Centripetal force and friction

[shwoll]

I have been having trouble with this problem for quite awhile now, and I am wondering if anyone could offer some help...

I figured out part one...that the x direction forces must equal each other (mg sin theta = m*v^2/R) but i am completely lost on the second part. Number 6. Thanks!

5. [1pt]
Because of your physics background, you have been hired as a member of the team the state highway department has assigned to review the safety of freeways. This week you are studying a freeway in New Jersey which has a curve that is essentially 1/8 of a circle with a radius of 0.8 miles. The road has been designed with a banked curve so that the road makes an angle of 15 degrees to the horizontal throughout the curve. To begin the study, the head of your department asks that you calculate the maximum speed for a standard passenger car (2000 lbs) to complete the turn while maintaining a horizontal path along the road. He asks that you first consider the case of an ice-covered road with negligible friction. When you have completed that calculation, he wants you to do the case of a dry, clear road where the coefficient of kinetic friction is 0.6 and the coefficient of static friction is 0.7 between the tires and the road. This will give the team the two extremes of driving conditions on which to base the analysis.
Speed with icy road:

Correct, computer gets: 1.30E+02 mi/hr


6. [1pt]
Speed with dry road:

 

[Doc Al]

Newton's 2nd Law

I figured out part one...that the x direction forces must equal each other (mg sin theta = m*v^2/R) but i am completely lost on the second part. Number 6. Thanks!

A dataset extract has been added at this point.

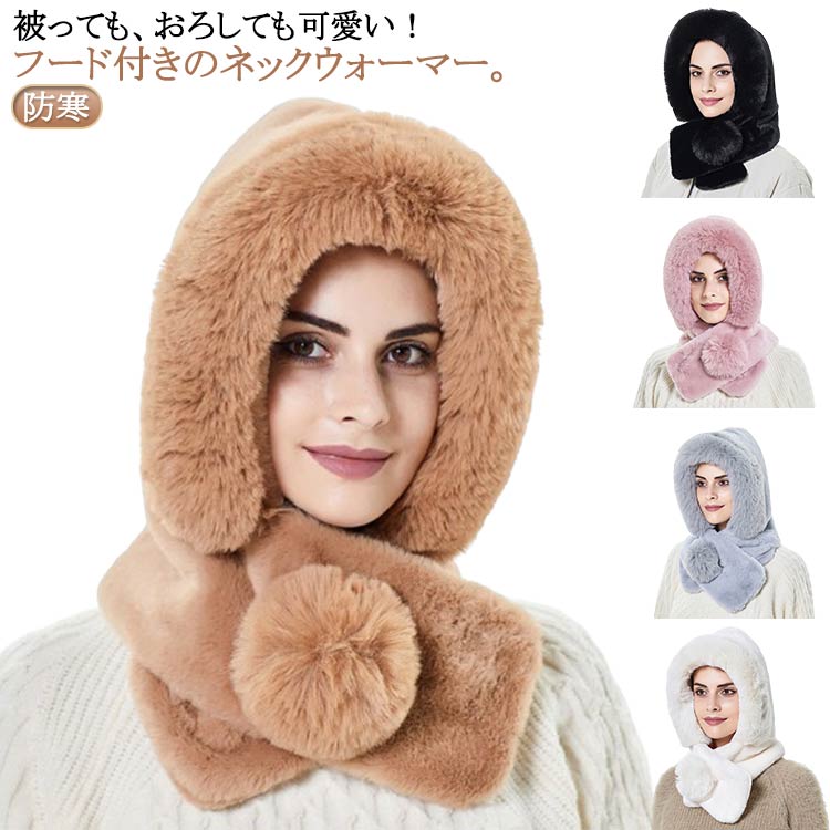 ネックウォーマー 帽子 バラクラバ フェイクファー ネックウォーマー レディース メンズ マフラー 帽子 ぼうし フード 防寒対策 暖かい あったかグッズ コーデ 耳まで暖か

Not so fast. The forces in the x-direction must add up to equal $m a_c = m v^2/r$. What forces act on the car? In the "no friction" case, there are only two forces. Friction adds a third force. (Which way does the friction act?)

You'll also need to realize that vertical forces are in equilibrium.

 

[wais]

To calculate the maximum speed for a dry road, we need to consider both the centripetal force and the force of friction. The centripetal force is provided by the horizontal component of the car's weight, which is equal to mg*sinθ, where m is the mass of the car, g is the acceleration due to gravity, and θ is the angle of the banked curve (in this case, 15 degrees). This force must be equal to the force of friction, which is equal to μN, where μ is the coefficient of kinetic friction and N is the normal force.

Therefore, we can set up the equation: mg*sinθ = μN.

To find the normal force, we can use the fact that the vertical component of the car's weight must be balanced by the normal force: mg*cosθ = N.

Substituting this into our original equation, we get: mg*sinθ = μ(mg*cosθ).

Simplifying, we get: tanθ = μ.

Plugging in the values for μ (0.6) and θ (15 degrees), we get: tan(15) = 0.6.

Solving for θ, we get: θ = 8.53 degrees.

Now, we can use the equation for centripetal force (mv^2/R) to solve for the maximum speed: mg*sinθ = mv^2/R.

Plugging in the values for m (2000 lbs converted to kg), g (9.8 m/s^2), θ (8.53 degrees), and R (0.8 miles converted to meters), we get: 2000*9.8*sin(8.53) = (2000*v^2)/(0.8*1609.34).

Solving for v, we get: v = 92.67 mi/hr.

Therefore, the maximum speed for a dry road with these conditions is 92.67 mi/hr.